Harmony in colour combinations

Remember that hexagon I drew earlier and how I wrote it can be extended to become a circle? We can use it as a mental image with which to derive colour harmonies. There are five basic ways to think of harmonious relations:

  • monochromatic, which uses values from the same part of the spectrum (e.g. only blues);
  • analogous, which encompasses values from a continuum of hues in the spectrum (e.g. cyan, blue, purple);
  • complementary, which consists of colours on opposite sides of the spectrum (e.g. blue and yellow, red and cyan);
  • triadic, which covers three colours that form a triangle inside the spectrum (e.g. cyan-magenta-yellow);
  • tetradic, which is made up of two pairs of complementary values and can be drawn as a rectangle inside the spectrum.

Depending on the context, we use all those harmonies, with the analogous being the most common one. Note though that this is not a hard-and-fast rule, as we sometimes may have a “mostly” analogous style, where all colours look similar except one which stands out a bit more (because the requirements of the interface demand as much—for example, the “unread” tag in the email listing of notmuch.el).

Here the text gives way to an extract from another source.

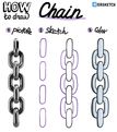 Чтобы нарисовать узнаваемую цепь, достаточно двух-трёх звеньев, но при желании можно нарисовать и больше. Сначала нарисуйте прямоугольники с закруглёнными краями на небольшом расстоянии друг от друга, а потом соедините их по бокам полуовалами той же толщины. Ещё можно добавить тени и блики. -
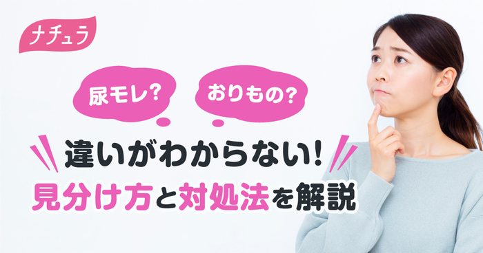 ・ニオイ:尿がモレても、さほどニオイはありません(しばらく放置するとアンモニア臭が気になる場合があります)。一方、おりものは酸っぱい、ヨーグルトのようなニオイを伴うのが特徴です。

Complementarity is tricky to manage. Its wanton use is, in my opinion, a sign of an incomplete or needlessly overdone theme. This is because complementary colours stand out more, ceteris paribus. When everything tries to call unwarranted attention to itself, it implicitly expends the user’s energy on trivialities. Add to that typographic qualities like bold weight and italics, and you have a cacophony of visual noise.

Complementarity is important though and essential in the appropriate context. In the modus-themes we rely on it when we need to draw a clear distinction between two adjacent elements (“need” is the operative term).

Triadic and tetradic relations are seldom required, but knowledge of them saves us from trouble. A case in point is the cyan-magenta-yellow triplet I established for the Avy colours (check the link in the introduction). That is a triadic relation and those happen to be the secondary colours.

Note though that I do not use an actual colour wheel. My understanding of it is in abstract. As such, when I claim that the variants of cyan-magenta-yellow that are used for Avy are triadic, I do not mean it in the rigorous mathematical sense of them representing an actual triangle. Because themes are not colour schemes, we have to consider the function of colour: I decided to make one a bit more saturated than the others to help guide the eye to where it needs to focus first. As such, mathematical precision is not the goal. Same principle for complementary colours and all the other harmonies.

The visual rhythm

I cannot quantify this “rhythm”. Theme development stands at the intersection of art and science. Consider this the artistic part, the je ne sais quoi that defines the project.

I see the rhythm as a variation in levels of luminance, hueness, and saturation between the applicable colours. Put simply, not all colours have a 7:1 contrast, as that would make them all look about the same. It would be dull and monotonous. Some are a bit more luminant than others. Such subtle changes help guide the eye to where it needs to focus.

Additional considerations here involve typographic attributes but also the placement of text in the buffer. Once again, themes are not colour schemes, meaning that we must consider the particularities of text and concomitant functionality in any given interface.

We never want to make exaggerations, because their cumulative effect will burden the user. We use complementary colours when it is absolutely necessary. We avoid clustering intense colours and, generally, try to give attention to whichever construct truly deserves it.

The key is to actually test how colours work in practice when applied to text. Do we get something usable? Or do we have a gestalt form that constantly reminds the user “hey, look how pretty I am!”? We want the design to help the user. Nothing more, nothing less.

Finally, we do not control the placement of faces. We simply specify their attributes. It is the task of the underlying code (e.g. major or minor mode) to map faces to constructs. As such, we don’t always get the perfect or most desirable outcome, though we at least try to approximate it.